_Extracted records_
• • •
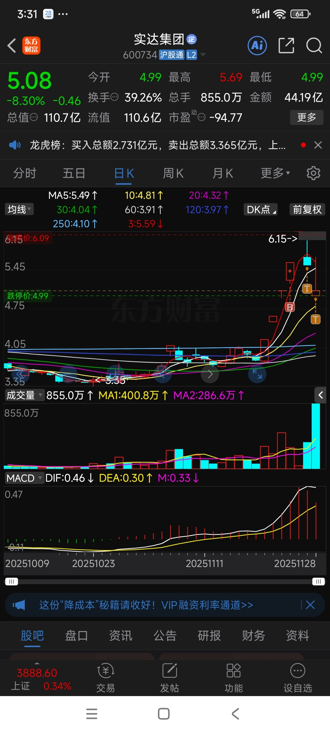 $实达集团(SH600734)$ 我特别羡慕6.15跑路的,为什么是羡慕,不是佩服呢?
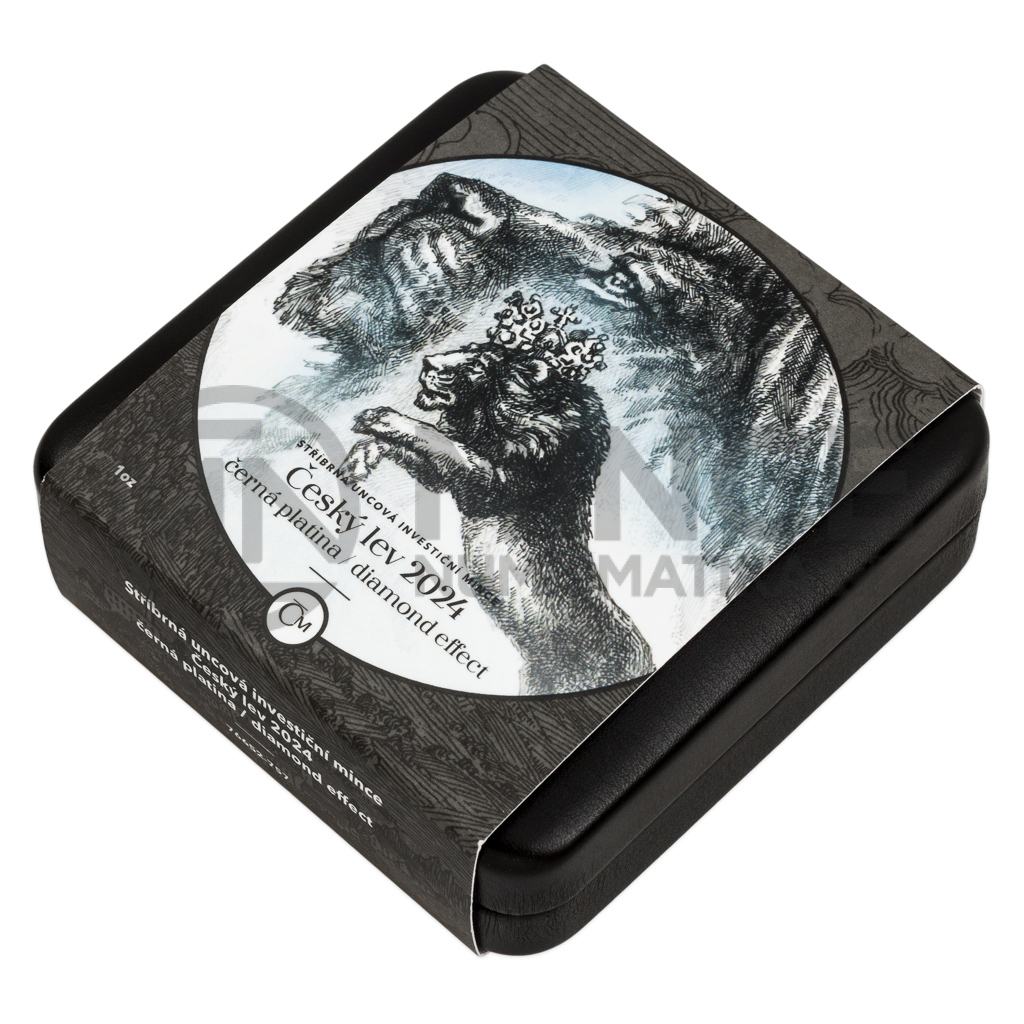 „Čeští lvi“ – investiční mince České mincovny – sice slouží k uložení peněžních prostředků do drahých kovů, ale jejich propracovaný reliéf láká také každého, kdo chce rozšířit svou numismatickou sbírku nebo věnovat výjimečný dárek. Krásu stříbrné mince s ročníkem 2024 podtrhuje hned dvojí povrchová úprava. Pokovení nevšední černou platinou doprovází třpytivý diamantový efekt.
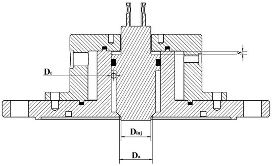 As delineated in Figure 2, the pivotal structural parameters of the throttleable pintle-centrifugal injector designed for empirical evaluation are systematically enumerated. Within this figure, the variable s signifies the traversal range of the pintle mechanism. The count of tangential apertures within the injection panel is denoted as N, and Dt signifies the internal diameter of these orifices. Moreover, Dinj represents the diameter at the pintle’s nadir, cooperating with the injection panel’s internal diameter Da, constitutes the annular injection slit. The pintle adjusts the annular slit, formed by the injection panel’s internal diameter (Da) and the pintle’s nadir diameter (Dinj). At a pintle stroke of s = 0 mm, the slit is closed, ideally sealed, and opens progressively as s increases. Additionally, the angular disposition of the injection channels is indicated by θ. A comprehensive tabulation of these parameters is provided in Table 1. The size and scale of our injector were constrained by the experimental capabilities of our laboratory and the requirements of a standard engine test article, leading to the selection of the current dimensions, with studies conducted to investigate the effects of varying tangential hole sizes. Furthermore, the actualized physical assembly of the throttleable pintle-centrifugal injector and the pintle apparatus is depicted in Figure 3.
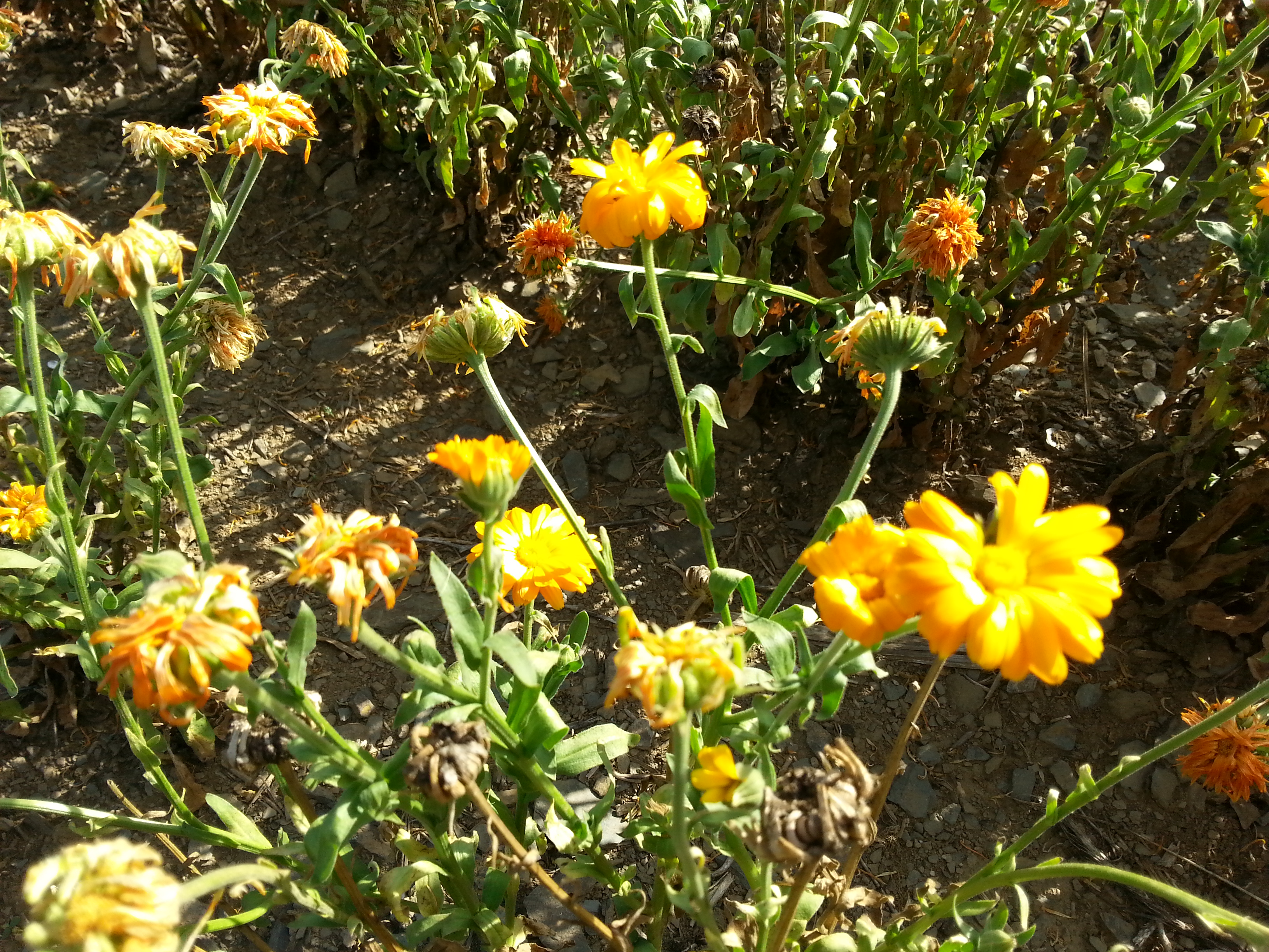 Das Ringelblumenfeld leuchtete nicht mehr in ganzer Pracht. Die Blüten wurden dieses Jahr leider nicht ausreichend groß, so dass nur ein kleiner Teil geerntet wurde. Der rest steht jetzt zur Abreife auf dem Feld, dann werden die Samen geerntet.
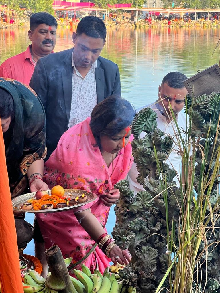 ‘जनकपुरको गंगा सागरमा छठ पुजा गर्न पाउदा हर्षित भएको छु। जय छठी माई’, उनले भनेकी छन् ।
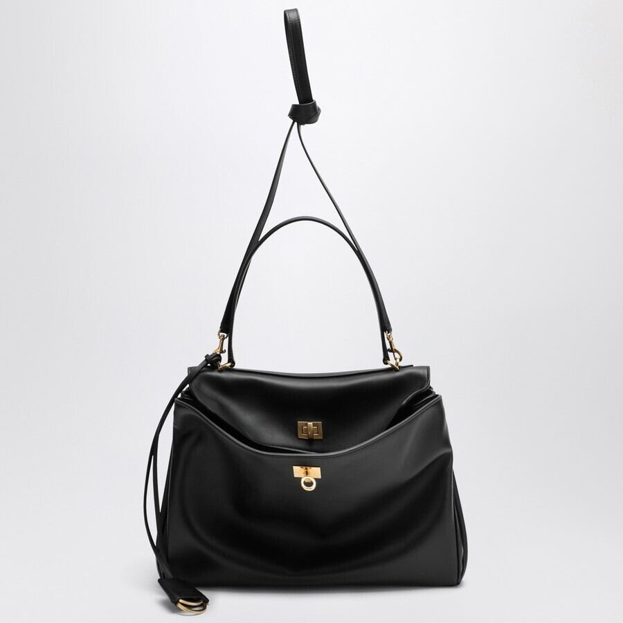 バレンシアガのブラックのスムースカーフスキンレザーを使用したミディアムバッグ。トップハンドル、取り外し可能なショルダーストラップ、取り外し可能なレザーキーリング(オープンリング2個付き)、アンティークゴールドトーンのメタルハードウェア、スイベル留め具、メインコンパートメント、内側にジッパー付きポケット、背面にフラットポケット2個、サイドにプレススタッド4個、真鍮製の脚4個が付いています。
• • •
_What to produce_
The data must be repeated exactly. Any pictures in it are to be left out.

_Exercise result_
 $实达集团(SH600734)$ 我特别羡慕6.15跑路的,为什么是羡慕,不是佩服呢?
 „Čeští lvi“ – investiční mince České mincovny – sice slouží k uložení peněžních prostředků do drahých kovů, ale jejich propracovaný reliéf láká také každého, kdo chce rozšířit svou numismatickou sbírku nebo věnovat výjimečný dárek. Krásu stříbrné mince s ročníkem 2024 podtrhuje hned dvojí povrchová úprava. Pokovení nevšední černou platinou doprovází třpytivý diamantový efekt.
 As delineated in Figure 2, the pivotal structural parameters of the throttleable pintle-centrifugal injector designed for empirical evaluation are systematically enumerated. Within this figure, the variable s signifies the traversal range of the pintle mechanism. The count of tangential apertures within the injection panel is denoted as N, and Dt signifies the internal diameter of these orifices. Moreover, Dinj represents the diameter at the pintle’s nadir, cooperating with the injection panel’s internal diameter Da, constitutes the annular injection slit. The pintle adjusts the annular slit, formed by the injection panel’s internal diameter (Da) and the pintle’s nadir diameter (Dinj). At a pintle stroke of s = 0 mm, the slit is closed, ideally sealed, and opens progressively as s increases. Additionally, the angular disposition of the injection channels is indicated by θ. A comprehensive tabulation of these parameters is provided in Table 1. The size and scale of our injector were constrained by the experimental capabilities of our laboratory and the requirements of a standard engine test article, leading to the selection of the current dimensions, with studies conducted to investigate the effects of varying tangential hole sizes. Furthermore, the actualized physical assembly of the throttleable pintle-centrifugal injector and the pintle apparatus is depicted in Figure 3.
 Das Ringelblumenfeld leuchtete nicht mehr in ganzer Pracht. Die Blüten wurden dieses Jahr leider nicht ausreichend groß, so dass nur ein kleiner Teil geerntet wurde. Der rest steht jetzt zur Abreife auf dem Feld, dann werden die Samen geerntet.
 ‘जनकपुरको गंगा सागरमा छठ पुजा गर्न पाउदा हर्षित भएको छु। जय छठी माई’, उनले भनेकी छन् ।
 バレンシアガのブラックのスムースカーフスキンレザーを使用したミディアムバッグ。トップハンドル、取り外し可能なショルダーストラップ、取り外し可能なレザーキーリング(オープンリング2個付き)、アンティークゴールドトーンのメタルハードウェア、スイベル留め具、メインコンパートメント、内側にジッパー付きポケット、背面にフラットポケット2個、サイドにプレススタッド4個、真鍮製の脚4個が付いています。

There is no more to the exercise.